[[ Record set open ]]
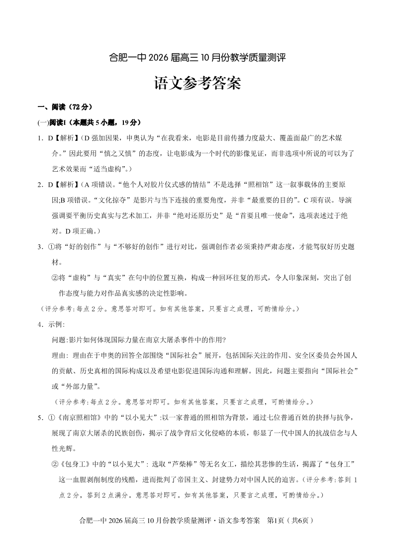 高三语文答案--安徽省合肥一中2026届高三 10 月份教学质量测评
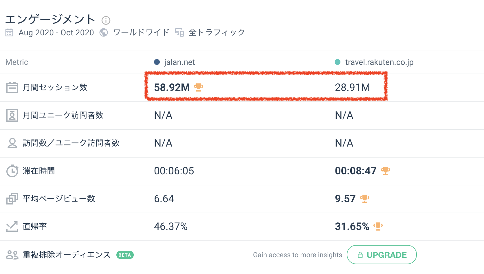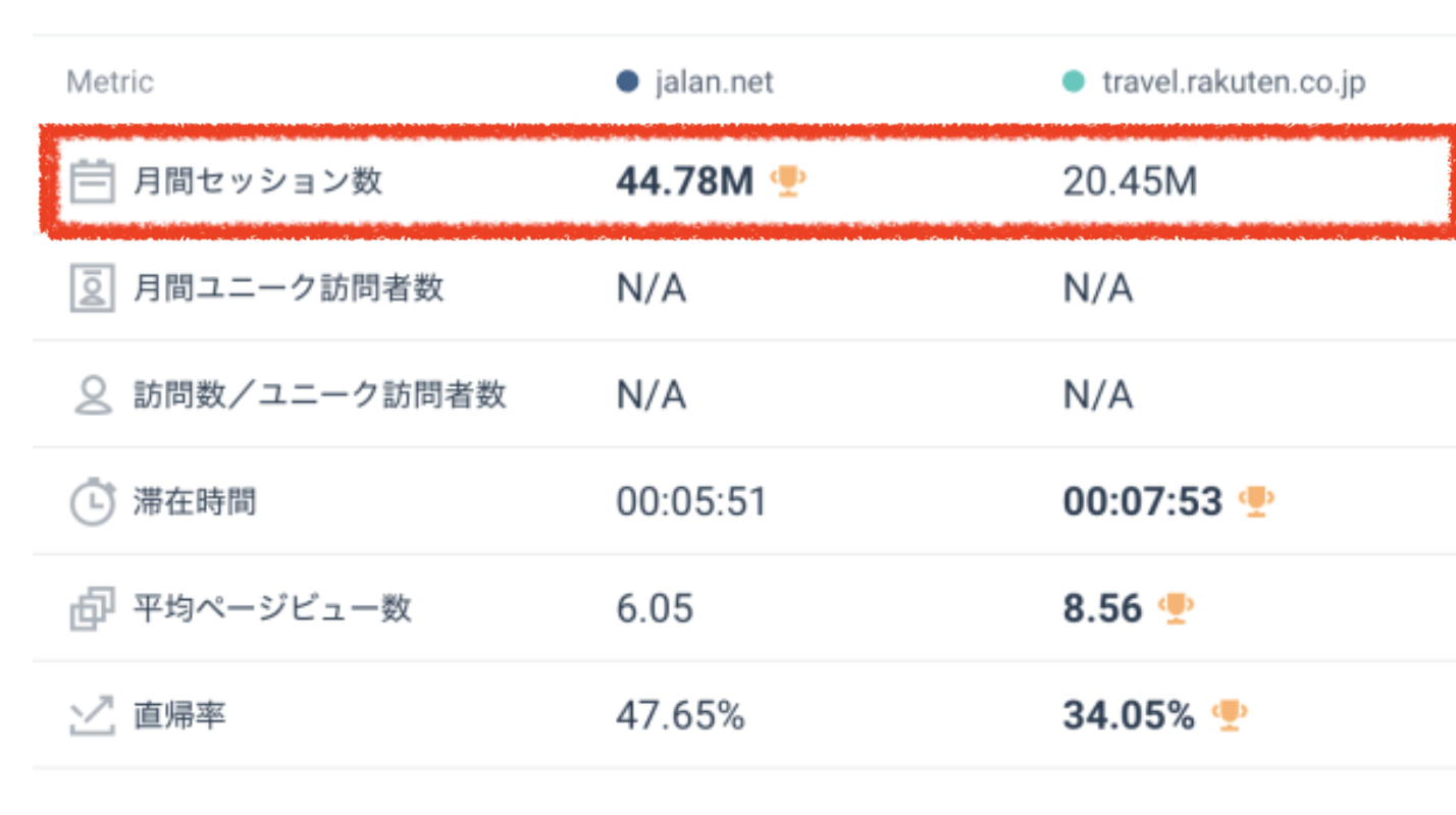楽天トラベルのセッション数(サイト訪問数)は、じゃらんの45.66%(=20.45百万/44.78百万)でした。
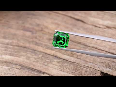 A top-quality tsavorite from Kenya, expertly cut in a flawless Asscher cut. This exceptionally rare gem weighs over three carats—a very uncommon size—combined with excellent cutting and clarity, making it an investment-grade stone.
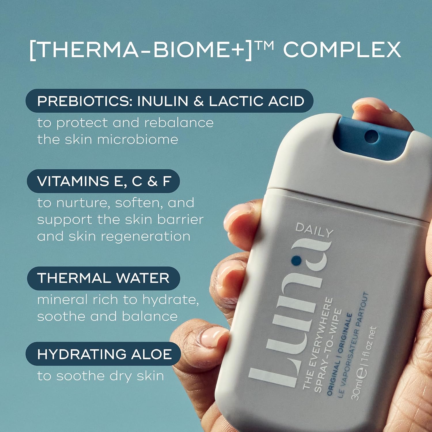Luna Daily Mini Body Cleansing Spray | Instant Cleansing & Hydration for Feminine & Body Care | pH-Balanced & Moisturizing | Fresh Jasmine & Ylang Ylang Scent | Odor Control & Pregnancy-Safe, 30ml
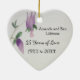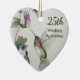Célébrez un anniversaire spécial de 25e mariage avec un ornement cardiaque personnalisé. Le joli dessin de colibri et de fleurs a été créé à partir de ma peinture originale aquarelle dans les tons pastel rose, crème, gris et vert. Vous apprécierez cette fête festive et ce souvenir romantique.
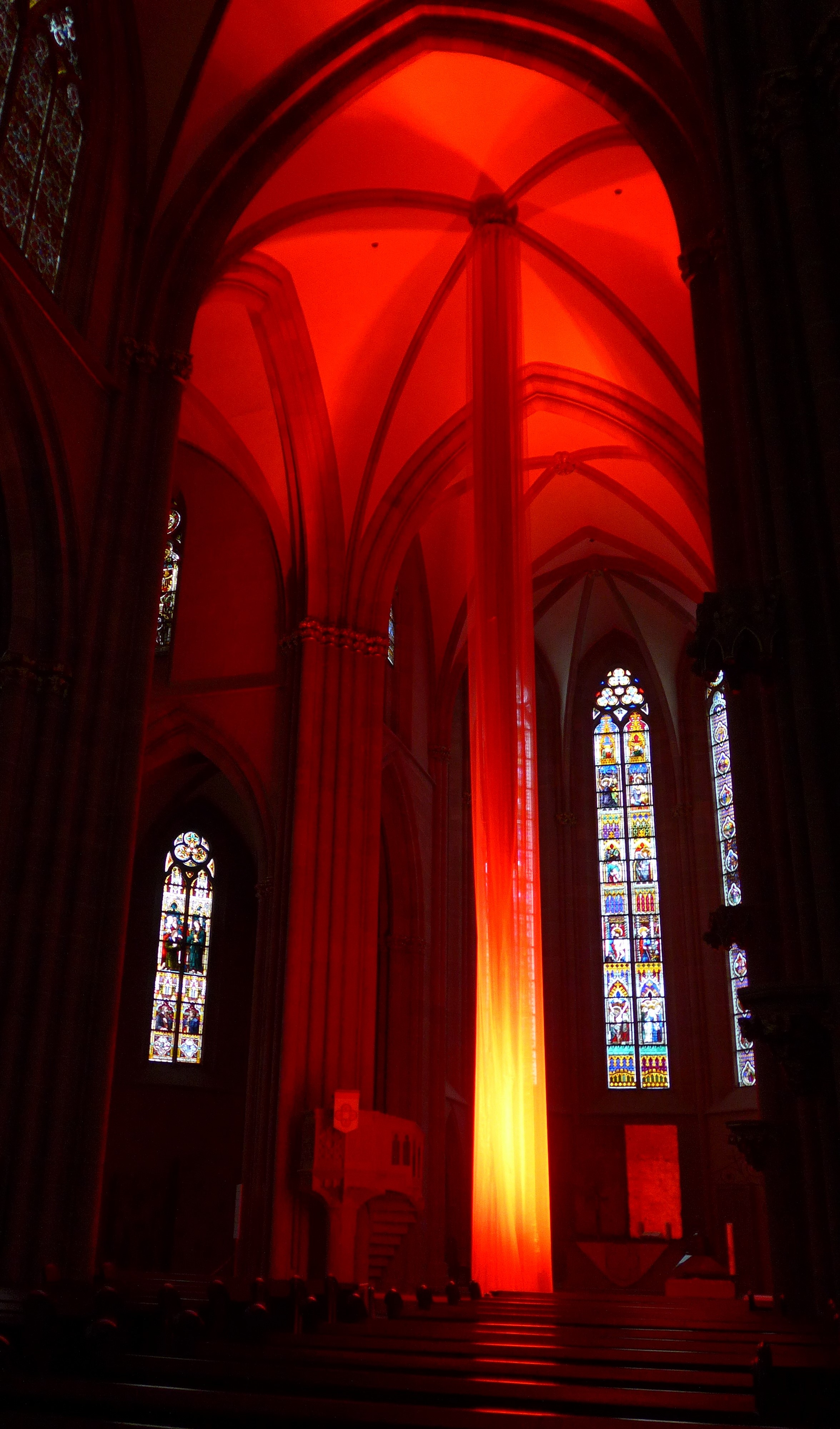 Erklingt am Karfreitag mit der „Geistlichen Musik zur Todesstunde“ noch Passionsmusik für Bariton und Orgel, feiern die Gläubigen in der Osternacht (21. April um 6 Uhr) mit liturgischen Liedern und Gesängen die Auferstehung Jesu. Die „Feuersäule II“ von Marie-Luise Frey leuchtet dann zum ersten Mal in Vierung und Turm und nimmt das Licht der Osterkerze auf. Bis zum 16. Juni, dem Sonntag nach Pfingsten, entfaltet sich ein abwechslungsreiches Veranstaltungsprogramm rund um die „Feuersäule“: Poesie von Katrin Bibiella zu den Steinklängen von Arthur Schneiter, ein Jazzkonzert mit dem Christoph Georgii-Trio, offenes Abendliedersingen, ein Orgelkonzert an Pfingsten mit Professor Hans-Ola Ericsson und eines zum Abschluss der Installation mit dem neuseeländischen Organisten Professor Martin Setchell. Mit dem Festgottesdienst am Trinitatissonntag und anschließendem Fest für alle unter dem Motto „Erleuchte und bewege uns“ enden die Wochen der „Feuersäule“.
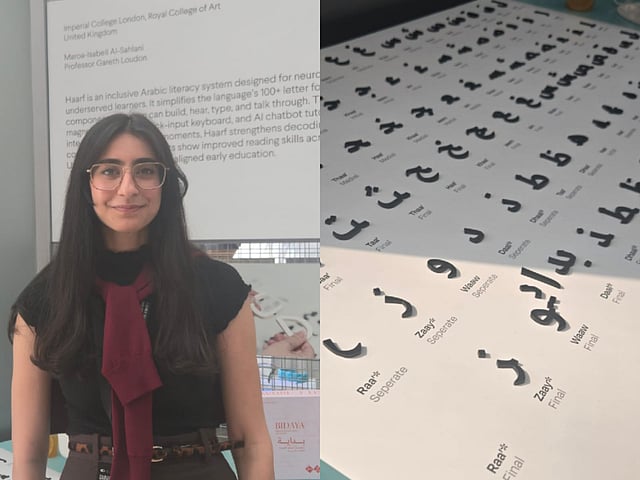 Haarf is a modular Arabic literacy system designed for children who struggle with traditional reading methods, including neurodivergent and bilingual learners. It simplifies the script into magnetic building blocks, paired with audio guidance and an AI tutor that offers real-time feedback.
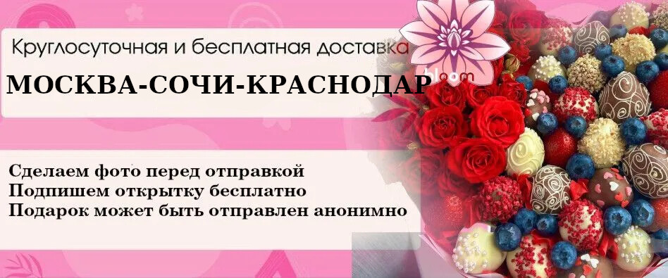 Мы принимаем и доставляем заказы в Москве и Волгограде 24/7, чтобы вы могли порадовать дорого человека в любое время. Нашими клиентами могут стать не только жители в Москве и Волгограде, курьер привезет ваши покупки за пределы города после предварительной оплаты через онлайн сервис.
[[ Record set closed ]]
# What is needed
Please copy exactly the lines from the one containing "Haarf is a modular" through the last line of the records above, both included, and leave out any pictures.

# Worked solution
 Haarf is a modular Arabic literacy system designed for children who struggle with traditional reading methods, including neurodivergent and bilingual learners. It simplifies the script into magnetic building blocks, paired with audio guidance and an AI tutor that offers real-time feedback.
 Мы принимаем и доставляем заказы в Москве и Волгограде 24/7, чтобы вы могли порадовать дорого человека в любое время. Нашими клиентами могут стать не только жители в Москве и Волгограде, курьер привезет ваши покупки за пределы города после предварительной оплаты через онлайн сервис.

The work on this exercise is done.